- Date: October 8–14
- Edition: 4th
- Category: ATP World Tour Masters 1000
- Surface: Hard / outdoor
- Location: Shanghai, China
- Venue: Qizhong Forest Sports City Arena

Champions

Singles
- Novak Djokovic

Doubles
- Leander Paes / Radek Štěpánek
| Shanghai Masters |

= 2012 Shanghai Rolex Masters =

The 2012 Shanghai Rolex Masters was a men's tennis tournament that was played on outdoor hard courts. It was the fourth edition of the Shanghai ATP Masters 1000, classified as an ATP World Tour Masters 1000 event on the 2012 ATP World Tour.
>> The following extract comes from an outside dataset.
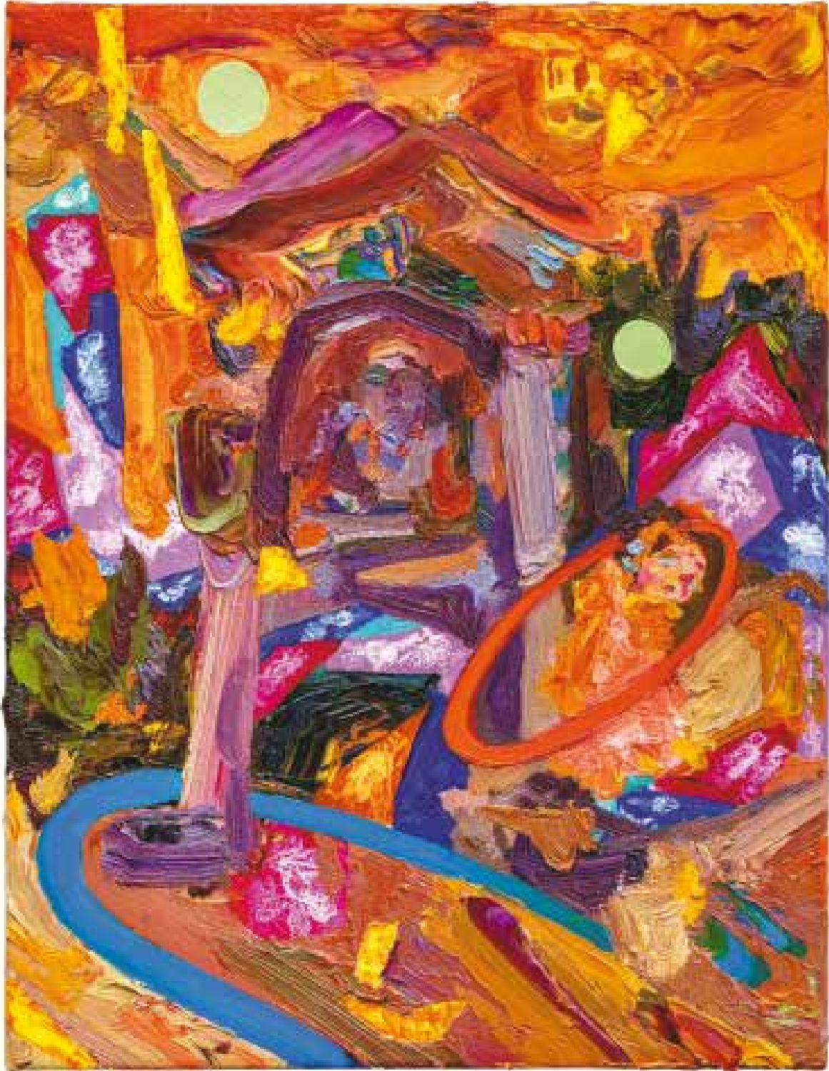
Crépuscule - 2020 - Huile sur toile - 35×27 cm - Collection privée, France

It took place at Qizhong Forest Sports City Arena in Shanghai, China from October 8 to October 14, 2012. Second-seeded Novak Djokovic won the singles title.

==Finals==
===Singles===

- SRB Novak Djokovic defeated GBR Andy Murray, 5–7, 7–6^{(13–11)}, 6–3

===Doubles===

- IND Leander Paes' / CZE Radek Štěpánek defeated IND Mahesh Bhupathi /IND Rohan Bopanna, 6–7^{(7–9)}, 6–3, [10–5]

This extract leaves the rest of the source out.